Actually Japan has no traditional Christmas like I know it from Germany. Japanese going to Christmas parties and eating Christmas cake. Every year people asking me how we celebrate Christmas in Japan. We, meaning I drag my Japanese husband into it, celebrating Christmas on the eve of the 24th of December with my family, which always ends with a church service around midnight. On the 25th we are going to a Christmas brunch in a big hotel in Tokyo. This is actually not a German custom, I picked it up in Singapore from a British couple because I do not have family in Tokyo/Singapore. My Japanese in law will me more than surprised when we show up and expect them to be all in lovey dovey Christmas mood. The New Year celebration is much more important, Christmas is not, maybe even the Chinese New Year, which is a little bit later than the official worldwide one. Well, Expat families sometimes going back to their home country. We did this once and are not keen to do this again. It was more like a Family tour through Germany, the feeling for Christmas was not there. Of course there are years were we might go back but we like to stay at home. On the 26. of December we usually eat meat fondue.



Japanese Christmas Cake


This is really quaint. Japanese Christmas Cake. White chocolate with strawberries. This “Christmas kaki” is usually eaten on Christmas eve and we always try to do it because ….


In the past Japanese called women over 25 years old Christmas-kaki. Christmas-kaki are eaten on the 24th or 25th but not later. Nobody likes to eat it later and that is the same with women over 25 years, nobody wanted them.

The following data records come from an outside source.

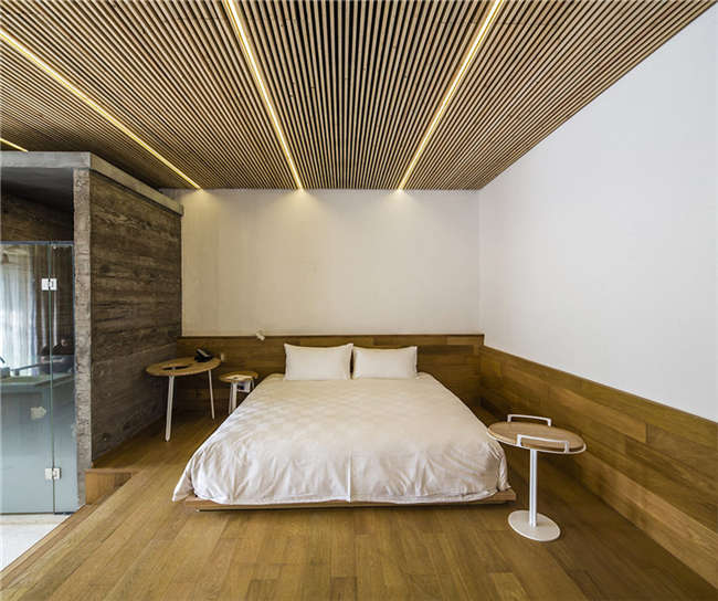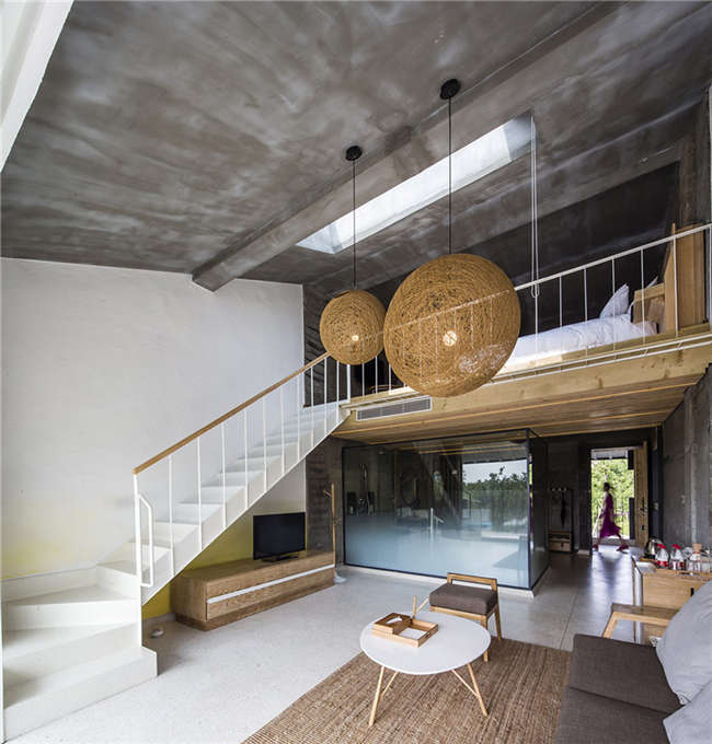 我们利用坡顶小屋的建筑格局,创造了将近十余种房型的客房。形式多样,有平层,错层,跃层,还有两层的8人通铺。为了保证客房的空间能最大化的通透,我们在所有的房型内设置大面积的立隔墙分割空间,即使是卫浴设备我们也采用家具方式将其独立的放置在房间内,然后以通透的玻璃稍加以阻隔。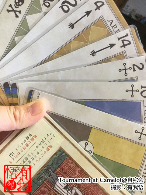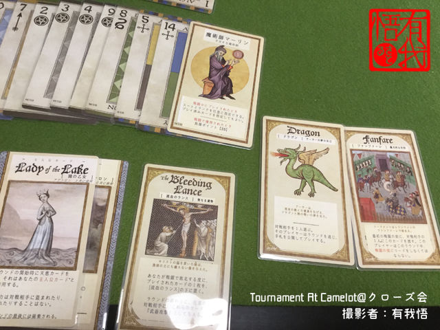 また、各スートはキャラクターと紐付けられていて、アーサー王はソードのスートが有利に働くとか、Disenpushon(欺瞞)スートはモードレッドに影響を与える等の特殊能力があります。アーサー王のコンパニオン・エクスカリバーの能力が「自分が食らったソードスートのダメージを2倍にして全員に食らわせる」というもので、初プレイでは、このコンパニオンのおかげで全員アーサー王に虐殺されての逆転勝利という顛末でした。なんだこれは。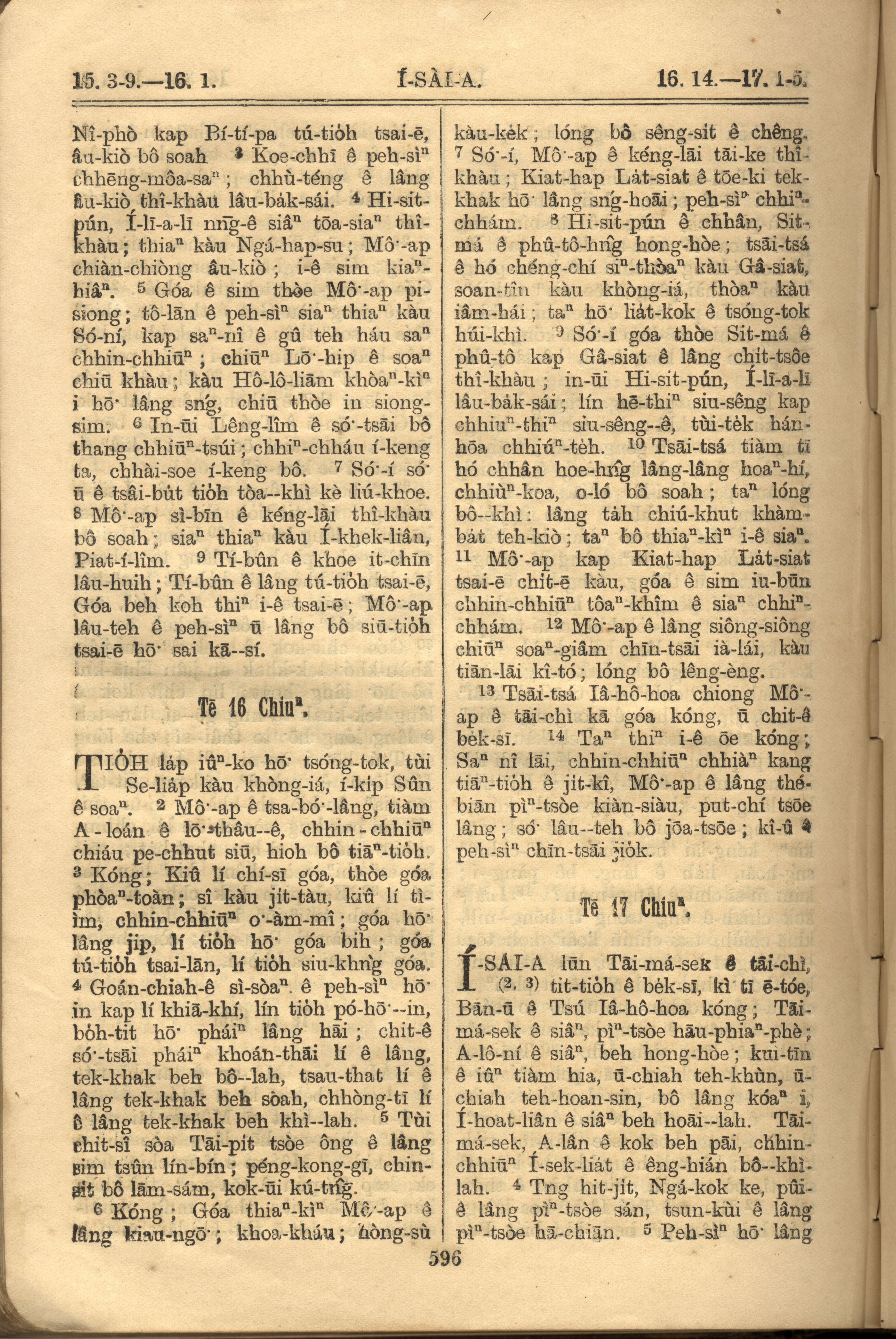 1921年羅馬字舊約全書 以賽亞書 15 章 3 節到 17 章 5 節

And this is a really special one

because it is not white, noooo …. brown!



Christmas-Tree Minato Mirai

Yokohama Minato Mirai – every day at 5.30pm lightshow


Japanese listen to Beethovens 9th



Japanese buy Kentucky Fried Chicken



This custom I did not know about until a friend pointed it out to me. At one point my husband mention that we should go to Kentucky Fried Chicken on Christmas, just like he mention the Christmas Cake.  Well, I did not take his suggestion seriously, more like it was a joke and definitely I did not think that this was a Christmas tradition anywhere in the world. Today, it is not as present as some years ago. It slowly extinct but still worth mentioning it.



Christmas tree


For christmas you need a tree. In Japan I used to buy my tree at Ikea but they are really ugly. They look like scarecrows and I have the talent to choose every year a more uglier one than the one from the year before. From mid of November Ikea is offering christmas trees and they are almost nude by end of December and it is a little bit awkward in the living room, since we are heating a lot. So last year I wanted to buy an artificial one, if I cannot find a nice one or should I decorate a bonsai?

Christmas trees choices

Well, I found a beautiful one with roots.


Duck for Christmas

Well, I am from Germany and in my family it is tradition to eat duck. Eating duck in Japan is not really common. I think most of the people in Japan think this is disgusting. Whenever I ask, they glance at me with a little surprise. It is hard to find duck in Japan. China town in Yokohama is a good address or any pond in a park :). Once my husband ordered duck over rakuten.com and it came from France. A whole duck is usually to big for Japanese oven and it is very difficult for me (German) to make the duck right in those ovens. However, the duck was most probably at least 100 years old ….



Am Teich

At the pond …




Well, it not such a big problem but I have a problem to get unsalted butter before christmas. Unsalted butter is most of the time sold out or rationed at Tokyo store.  Before christmas you are only allowed to buy 200g (in 2012). My oven is also really not a oven in the German mind, my kitchen is more a barbie doll kitchen.





Margarine & Butter salted

Margarine & Butter salted

Advents Calendar

You can get them everywhere. I bought some at Motomachi Union for my teens. Those were even from Germany. You can do your own as well. Ikea has some ready made and you can put your own ideas into each drawer. Japan is a paradise for handicraft.


Advent calendar



Advent wreath 

I do my own because I have limit space. Sometime a pine branch and four candles are good to go. Another option is to get a advent wreath at the Christmas market at the Evangelical German Church in Tokyo (consisting of Lutheran, Reformed and United Protestant congregations). A lot of German specialties are available there and I just love that christmas market. It is the closest to the original German markets in Germany.



Ikea gingerbread house



It is hard to get a fondue for meat in Japan.  Takashimaya might be the best place but I could not find one. My sister brought me one from Germany. My old set went missing when we moved. Cheese and chocolate fondue set you can find more easily.




Christmas cards

Japanese love to write christmas cards, just like the Germans and many other cultures in the world.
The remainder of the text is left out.